= Idoia López Riaño =

ETA member

Idoia López Riaño is a former ETA assassin nicknamed "La Tigresa" (The Tigress) for her "sexual prowess". She was jailed in the 1990s for a string of murders for the Basque terror group. Riaño eventually expressed remorse for her crimes, and was released in 2017 after 23 years in jail (one year served for each of her victims).

== Biography ==
Idoia López Riaño was born in San Sebastián on March 18, 1964. It has been said she lived a relatively normal life with a good family and education. Riaño was recruited to join ETA when she was 16 in 1980 by her boyfriend, José Ángel Aguirre Aguirre. At the time, this was the main Basque nationalist group and continued to become increasingly violent as Spanish authorities went after independent campaigners.

She became well known for using her beauty to lure police officers into her bed to gather information for ETA to aid in planning their raids.

== Murders ==
At the age of 20, La Tigresa carried out her first political murder on November 16, 1984. Along with two co-conspirators, Aguirre Aguirre, his fellow ETA officer Ramón Zapirain, the three travelled to Irun and accused French citizen Joseph Couchot of being a member of GAL. Shortly after, he was killed in a hail of bullets.

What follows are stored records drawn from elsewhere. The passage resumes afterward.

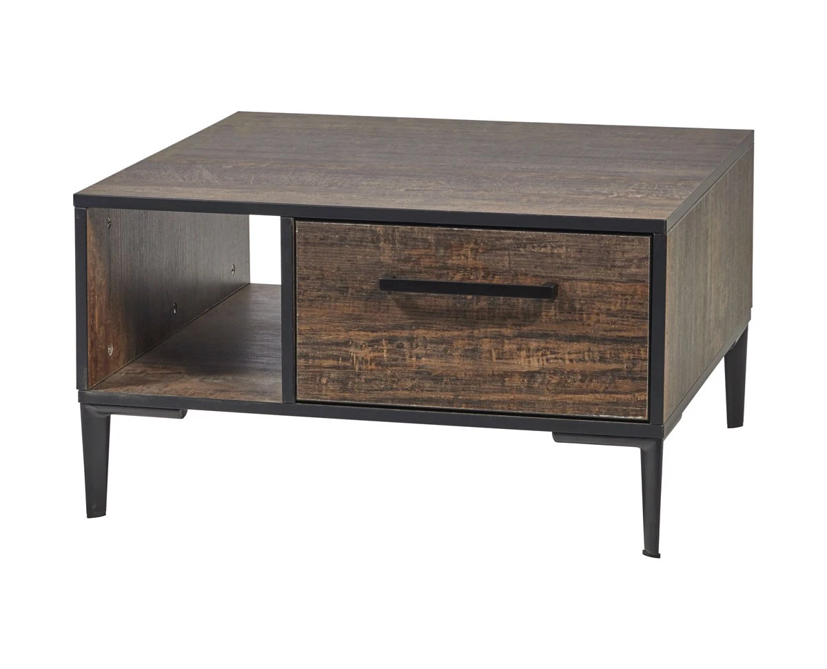 Prachtige hoektafel PERUGIA met een natuurlijk karakter dankzij haar afwerking in melamine hout, gecombineerd met mat zwarte details. De metalen poten zorgen voor een stijlvolle toets. Combineer dit leuk bijzettafeltje met andere meubelen uit dezelfde reeks.
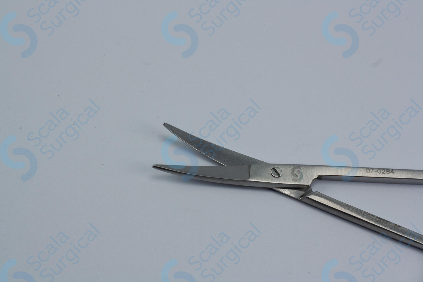 Iris scissors are used in ophthalmology and plastic surgery procedures to make precise cuts in delicate tissue, such as the iris of the eye or skin. They are curved and have one sharp and one blunt edge, allowing for greater control and accuracy during delicate operations.
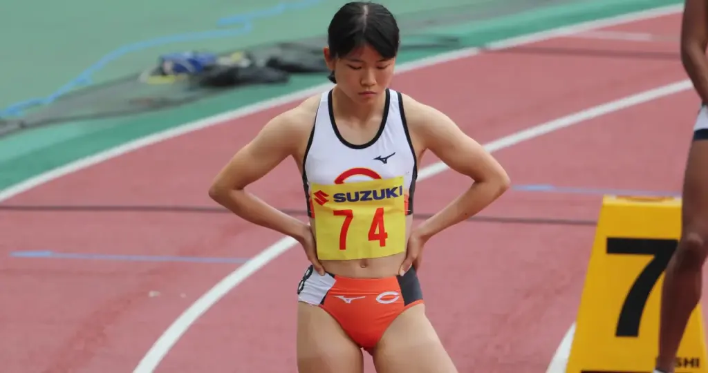 Watch an athletic Asian woman in her 20s posing on a track and field, wearing orange and black athletic wear with a yellow bib number 74.
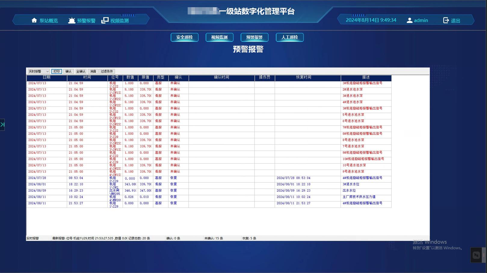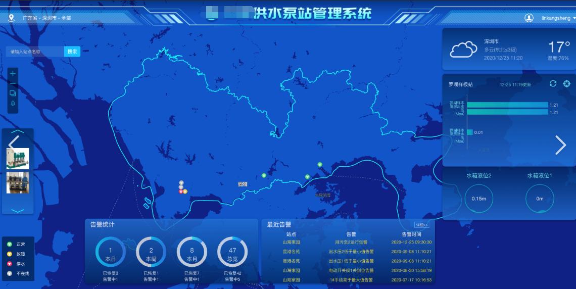 泵站信息管理系統(tǒng)集成了主設(shè)備狀態(tài)監(jiān)測(cè)、建筑物安全監(jiān)測(cè)、視頻監(jiān)控系統(tǒng)、門(mén)禁系統(tǒng)、環(huán)境監(jiān)測(cè)等多個(gè)功能模塊。該系統(tǒng)實(shí)時(shí)監(jiān)測(cè)泵站設(shè)備運(yùn)行狀態(tài)和建筑物的安全狀況,同時(shí)提供視頻監(jiān)控和門(mén)禁管理功能,確保泵站安全運(yùn)行。此外,系統(tǒng)還能監(jiān)測(cè)泵站周?chē)h(huán)境參數(shù),為制定科學(xué)的供水計(jì)劃提供依據(jù),實(shí)現(xiàn)水資源合理利用。
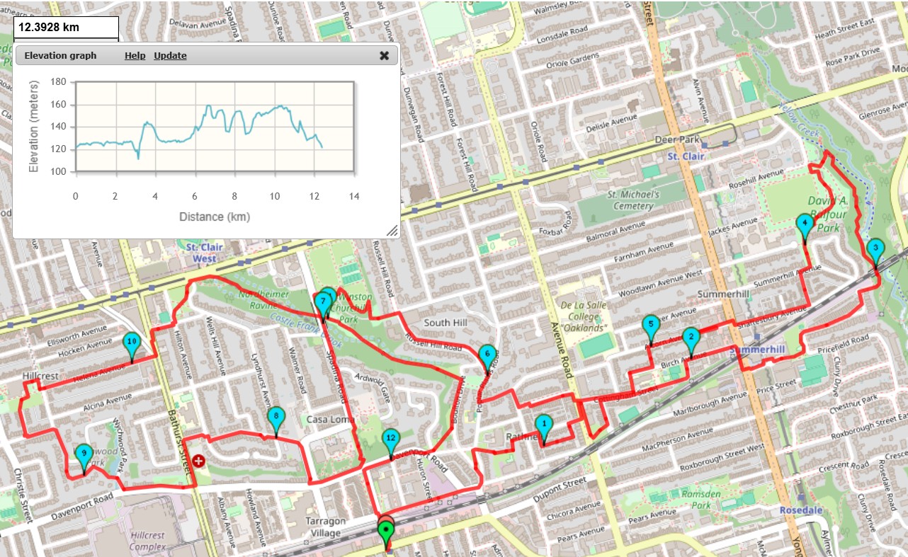 So, the random hike picker has selected this urban hike for today. This 12 KM hike will both start and finish at Dupont Subway Station. The hike will be on a combination of sidewalks, muddy single track trails, gravel trails and paved park roads. In terms of hills, there should be 4 climbs of at least 25 meters. I'll attempt to stop for a washroom break at the Wychwood Barns, located about 9.5 KM into the hike. | |||||||
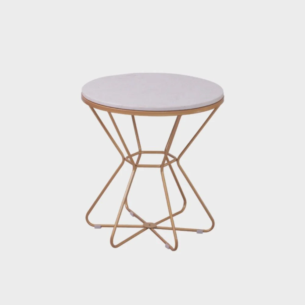 A Modern Contemporary style side table with gold metal base with white marble top.
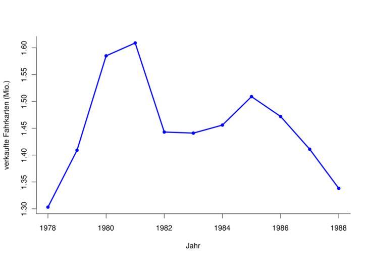 | Keywords: Ticketverkäufe Freiburg Hauptbahnhof 1978–1988.svg en Tickets sold at Freiburg Hauptbahnhof de Anzahl der verkauften Fahrkarten am Freiburger Hauptbahnhof inklusive der Haltepunkte Basler Straße Zähringen und Herdern own El Grafo 2010-02-28 Created with R History of Freiburg Hauptbahnhof Files by User El Grafo Data save as data csv <pre> year tickets 1978 1303000 1979 1409000 1980 1585000 1981 1609000 1982 1443000 1983 1441000 1984 1456000 1985 1509000 1986 1472000 1987 1411000 1988 1338000 </pre> R-code <pre> read data read the original time-series this one is needed for the dashed grey line connecting all the dots data <- read csv data csv sep data 2 <- data 2/1000000 devide data by 1000000 to get millions on the y-Axis attach data plotting un-comment for svg-output svg file test svg width 10 height 7 note this may not work on MS Windows try Cairo instead par cex 1 2 plot the blue lines plot tickets ~ year type l col blue xlab Jahr ylab verkaufte Fahrkarten Mio bty l lwd 3 add the dots points tickets ~ year pch 16 col blue un-comment for svg-output dev off </pre> |
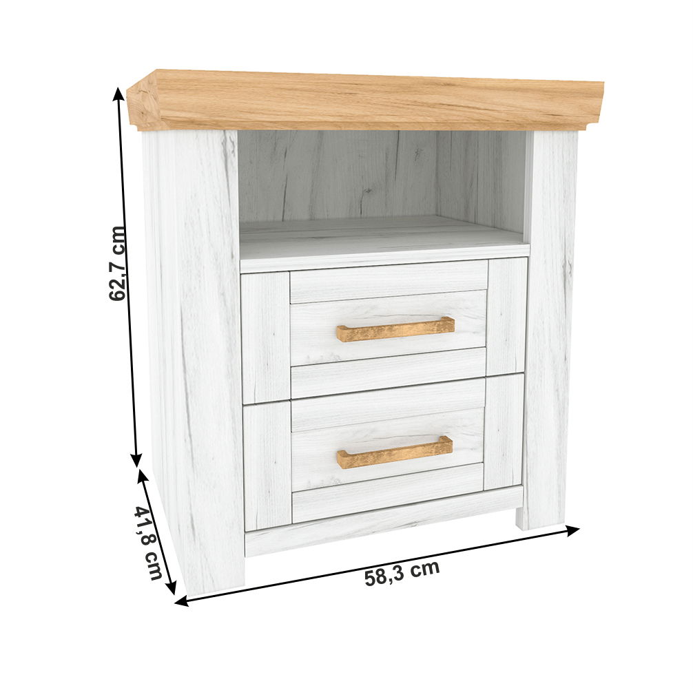 Noční stolek Soleus X je praktickým a moderním doplňkem do vaší ložnice. S výškou 62,7 cm a hloubkou 41,8 cm nabízí dostatek úložného prostoru pro vaše věci. Je vyroben z DTD laminované desky a má tloušťku korpusu 16 mm a vrchní desky 22 mm. Stolek je k dispozici v dubové barvě craft zlatý nebo craft bílý. Spodní prostor od podlahy má výšku 4,2 cm. Stolek má dvě zásuvky a otevřený prostor pro snadný přístup k vašim věcem. Dodává se v demontu a je lehký k sestavení. Noční stolek Soleus X bude skvělým doplňkem do vašeho domova, který vám poskytne potřebný úložný prostor a zároveň bude skvěle vypadat.
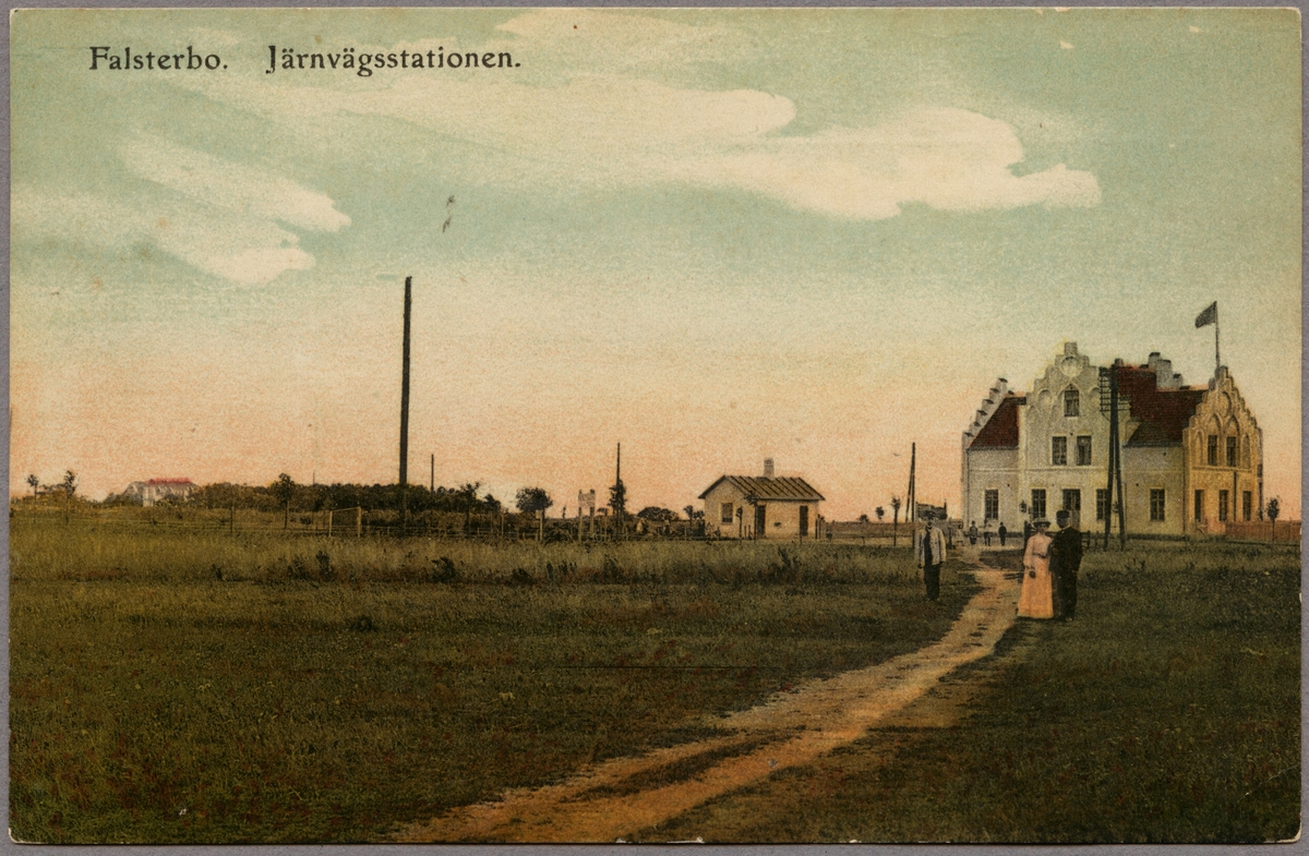 Järnvägsstationen i Falsterbo, handkolorerat vykort.
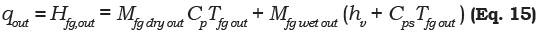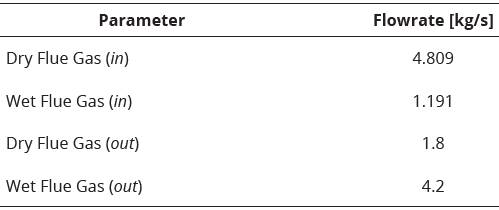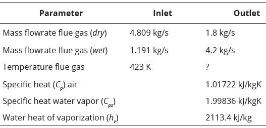 Thus, Eq. 14 and Eq. 15 gives qin = 5593055 W and qout = 8876280 + 10224.108 T fg out respectively. By subbing all components into Eq. 15, we can solve the outlet temperature T fg out = 396.8 K = 123.8 °C. Table 19 below summarizes the parameters determined via the heat and mass analysis as described above.
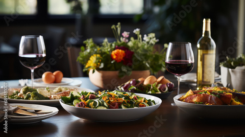 Healthy dinner with wine on the table at a restaurant, AI generate
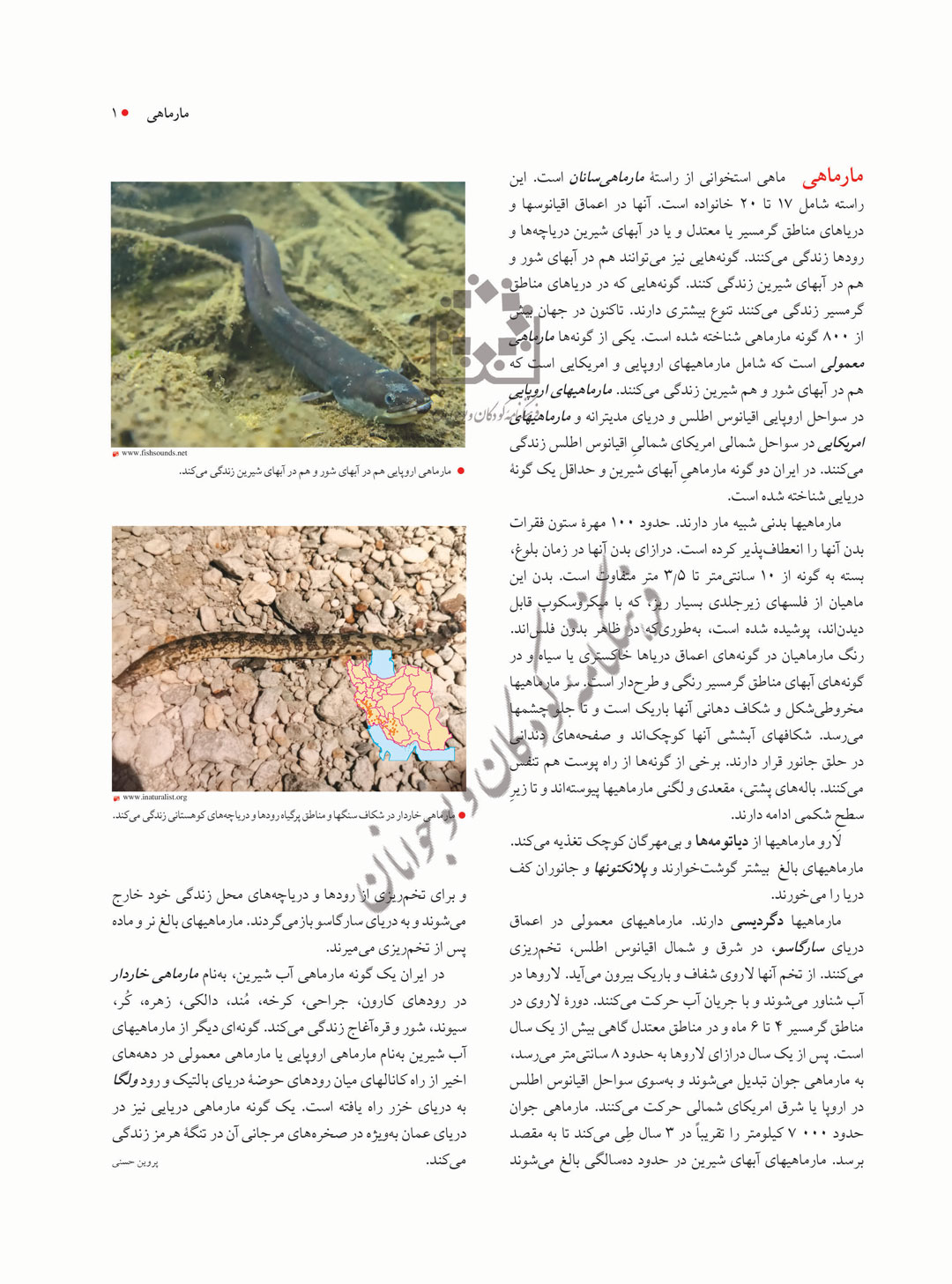 مارماهی ماهی استخوانی از راستۀ مارماهیسانان است. این راسته شامل 17 تا 20 خانواده است. آنها در اعماق اقیانوسها و دریاهای مناطق گرمسیر یا معتدل و یا در آبهای شیرین دریاچهها و رودها زندگی میکنند. گونههایی نیز میتوانند هم در آبهای شور و هم در آبهای شیرین زندگی کنند. گونههایی که در دریاهای مناطق گرمسیر زندگی میکنند تنوع بیشتری دارند. تاکنون در جهان بیش از ۸۰۰ گونه مارماهی شناخته شده است. یکی از گونهها مارماهی معمولی است که شامل مارماهیهای اروپایی و امریکایی است که هم در آبهای شور و هم شیرین زندگی میکنند. مارماهیهای اروپایی در سواحل اروپایی اقیانوس اطلس و دریای مدیترانه و مارماهیهای امریکایی در سواحل شمالی امریکای شمالیِ اقیانوس اطلس زندگی میکنند. در ایران دو گونه مارماهیِ آبهای شیرین و حداقل یک گونۀ دریایی شناخته شده است.
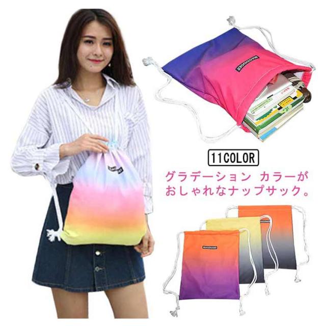 | グラデーション カラーがおしゃれなナップサック。 フィットネスにはもちろん、シンプル・カジュアル・ストリートコーデにも相性抜群なジムサック。 また、お子様の部活・習い事・体操着入れにもおすすめ! 開口部が大きく開き、巾着状にキュッと絞れるので荷物をたっぷり入れられます。 大人から子供まで、好きなカラーでお使いいただけます! | |
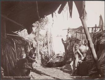 Men and boys at the mens landing place of Ferasiboa, Malaita, Solomon Islands, 1906 / J.W. BeattieNational Library of AustraliaImage Online
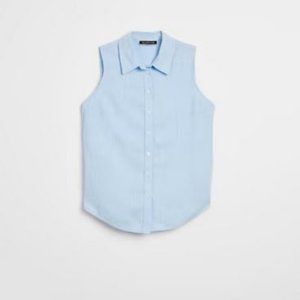 This sleeveless tie-front button-down shirt a warm weather essential. Made of a signature linen blend, it's as breezy and comfortable as it is gorgeous.
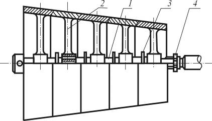 Рис.3.18. Разборная коническая оправка: 1 - ось; 2 - наборные секции
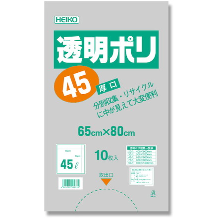 HEIKO ゴミ袋 LD 透明ポリ 厚口04 45L 10枚入リ シモジマ 清掃 衛生用品 清掃用品 ゴミ袋(代引不可)
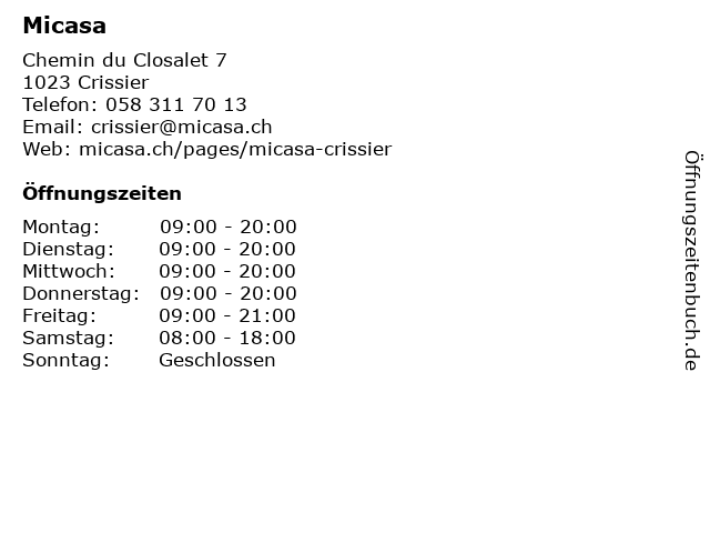 | Öffnungszeiten Micasa in Crissier anzeigen | |

She was a lieutenant in the Madrid ETA cell and on July 14, 1986 they detonated a car bomb in the Plaza de la Republican Dominicana in Madrid killing 12 civil guards.

In 1986, she and other members of the ETA used machine guns to shoot up the vehicle of an army commander, Ricardo Saenz de Ynestrillas Martinez, killing him.

In total, she was charged with the murders of 23 people between 1984 and 1986.

== Arrest ==
On August 28, 1994 in Aix-en-Provence, both Riaño and her boyfriend, Olivier Lammotte were arrested. She spent 5 years in a French prison before she was extradited to Spain for her conviction of the 23 murders.

== Court Proceedings and Sentencing ==
In 2002, she was sentenced to over 2,000 years in prison for her crimes. During the proceedings she told the court: "While you persist in thinking that we are going to assimilate into this monstrosity of a state, we will go on fighting until you leave Euskal Herria [the Basque homeland] in peace."

She married twice in prison and signed the “nanclares” declaration renouncing violence and apologising to her victims, a move that saw her expelled from ETA but which enabled her release in 2017. She is now at liberty at the age of 56.

== Media References ==
Various newspapers have reported that author Luke Jennings had revealed the character of Villanelle, the main antagonist of his Killing Eve series, was based upon Riaño. Jennings had said that Riaño, who had killed 23 people, "was clearly a psychopath, completely without empathy".